(WORKING DATA Opens)
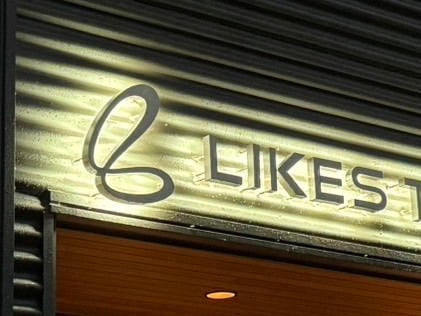 西面バックライト式チャンネル文字は壁面から50mmほど浮かしボルト出し取付。バックライトは箱文字内部にLED器具を接着固定しました。(背面アクリル板とカバーの分割仕様)
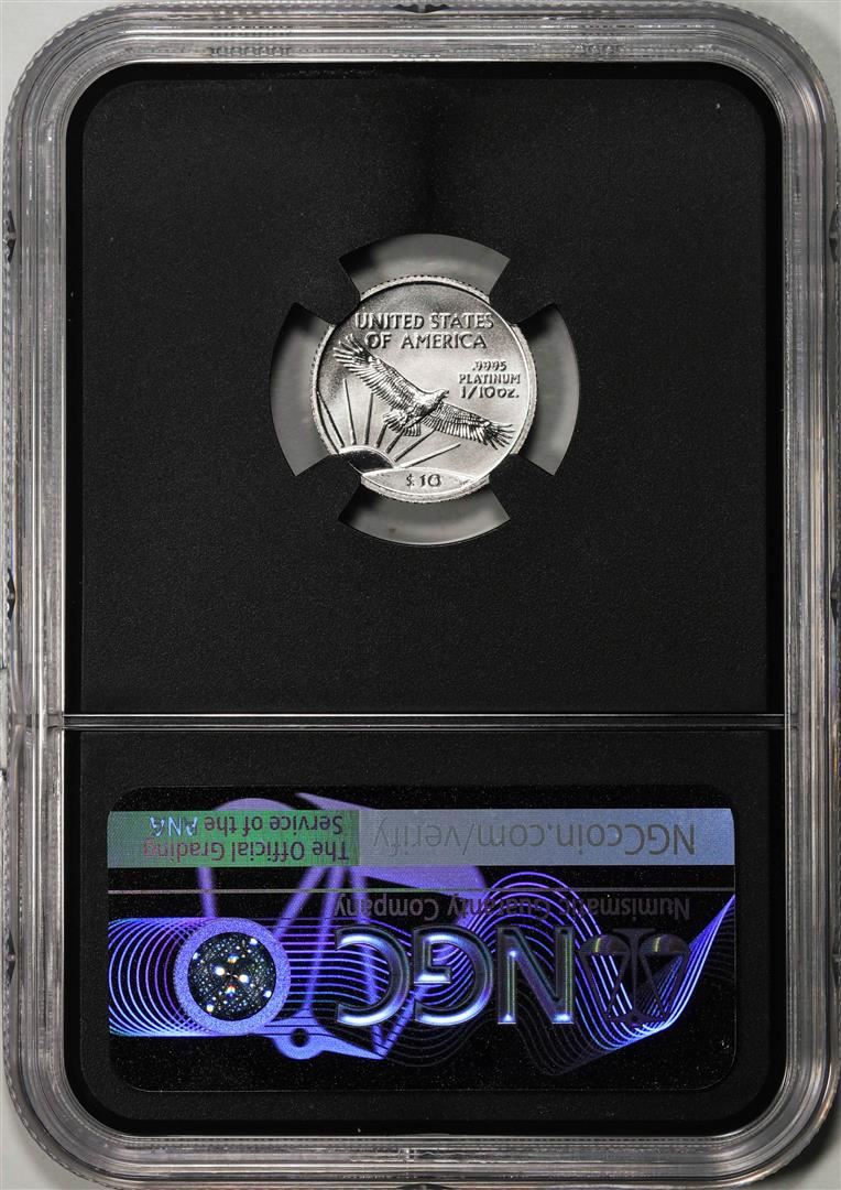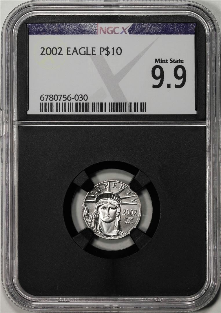 One 2002 $10 Platinum American Eagle Coin NGCX Mint State 9.9. NGCX Certified.
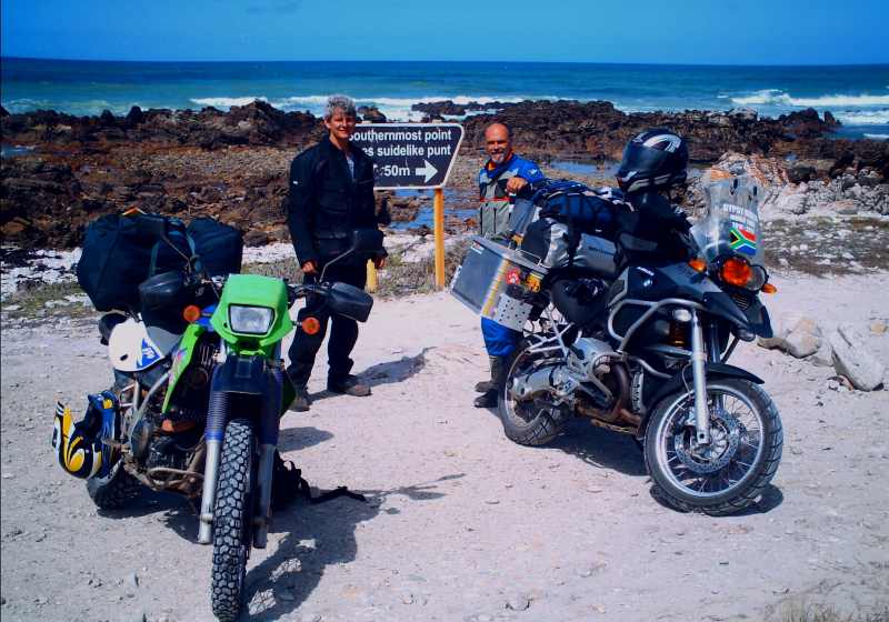 Your near misses today reminded me of our first biking experience together in 1980. Do you remember my CG125 (delivery bike) that we crashed down the steep hills of Glenvista. Man, I thought we were going to die that day – you driving(for the first time)and me on the back. Noone told you that you cannot go into a sand-covered 90 degree corner on a 60 degree decline at 80km/h !!! As we flew through the air, over the edge of the hill and onto the meandering section of the road below, I thought we were finished. But here we are, 30 years later and still laughing about motorbikes. Enjoy your ride. I am enjoying following it.
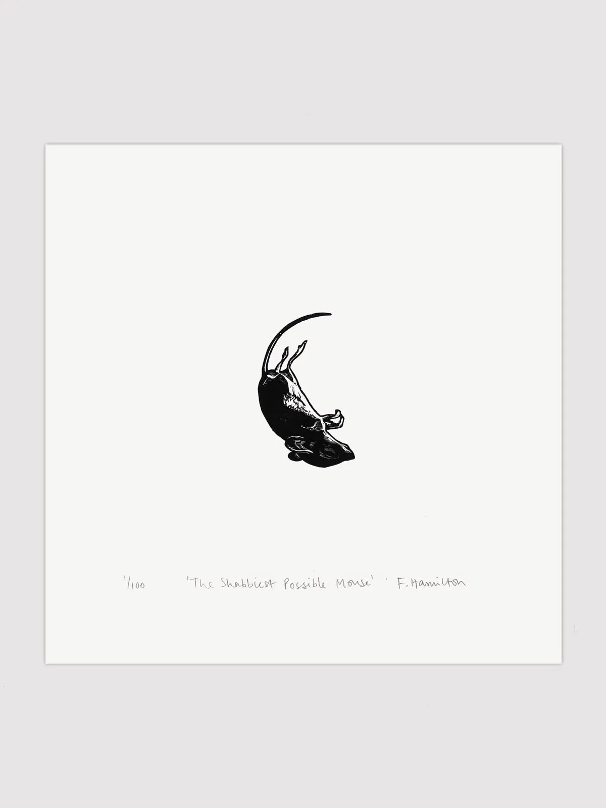 This original art print is a wood engraving of a mouse, The Shabbiest Possible Mouse from Aesops Fables. It is a very detailed illustration using fine wood engraving tools on a highly carved piece of box wood...
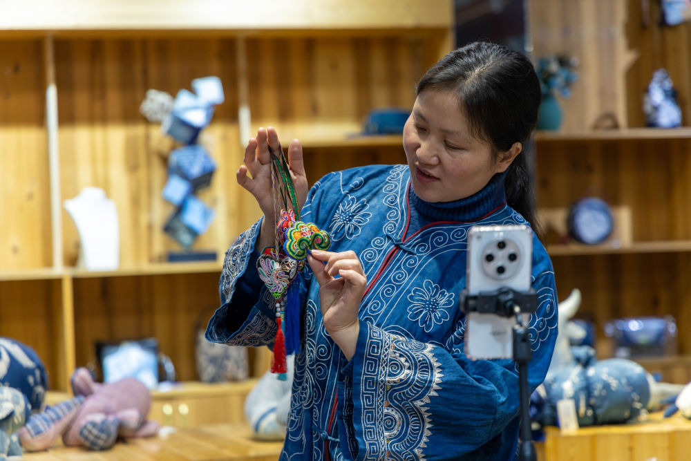 2025年3月14日,村民在肇興侗寨內(nèi)通過手機(jī)直播銷售刺繡作品。侗繡承載著侗族人的信仰與記憶,年輕繡娘的手藝多半來自母親傳承,侗族婦女用一針一線將民族古老的神話傳說、歷史風(fēng)俗記錄在服飾的紋樣里,讓這門手藝在侗鄉(xiāng)世代傳承。2011年,侗族刺繡被列入國家級非物質(zhì)文化遺產(chǎn)名錄。
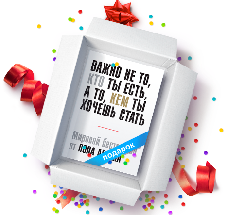 Это еще не все: в каждую посылку с бумажным заказом мы докладываем подарок. На этот раз это будет книжка-пинок «Важно не то, кто ты есть, а то, кем ты хочешь стать». Она очень здоровская, мотивирующая и вдохновляющая. Ее называют карманной Библией для талантливых, но робких: в ней открывается секрет, как становятся богатыми и влиятельными самые обыкновенные люди — как мы с вами.
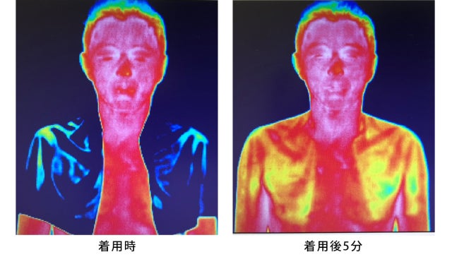 素肌にサンシェードと同じ生地のタオルをかけ、着用5分後にタオルを取ると、生地との接触部分は約3~5℃クールダウン。
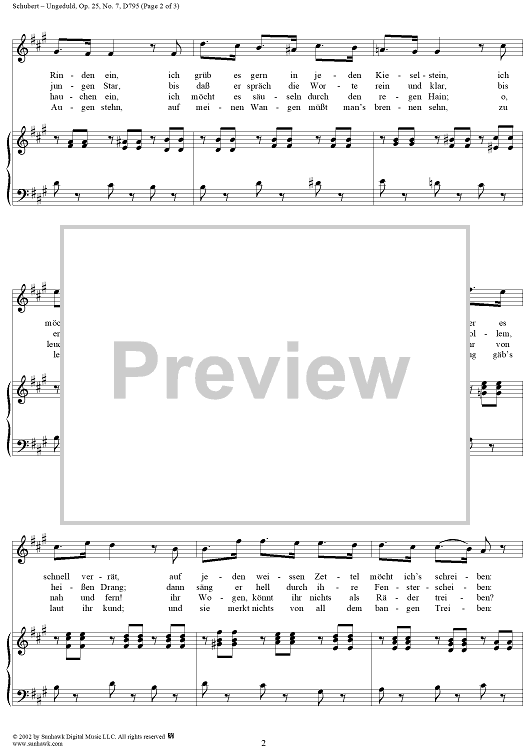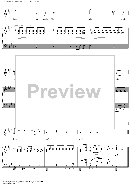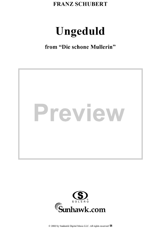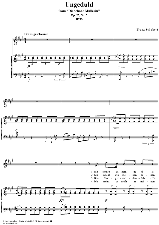 Digital Sheet Music for Die schöne Müllerin, No. 07 - Ungeduld, Op. 25, D795 - No. 7 from "Die Schöne Müllerin" Op.25 - D795 by Franz Schubert scored for Voice/Piano; id:256660
(WORKING DATA Closes)
> THE TASK: Leave out the images and write out the lines above exactly, from the one with "Это еще не все: в" up to and including the one with "素肌にサンシェードと同じ生地".

> WORKED SOLUTION:
 Это еще не все: в каждую посылку с бумажным заказом мы докладываем подарок. На этот раз это будет книжка-пинок «Важно не то, кто ты есть, а то, кем ты хочешь стать». Она очень здоровская, мотивирующая и вдохновляющая. Ее называют карманной Библией для талантливых, но робких: в ней открывается секрет, как становятся богатыми и влиятельными самые обыкновенные люди — как мы с вами.
 素肌にサンシェードと同じ生地のタオルをかけ、着用5分後にタオルを取ると、生地との接触部分は約3~5℃クールダウン。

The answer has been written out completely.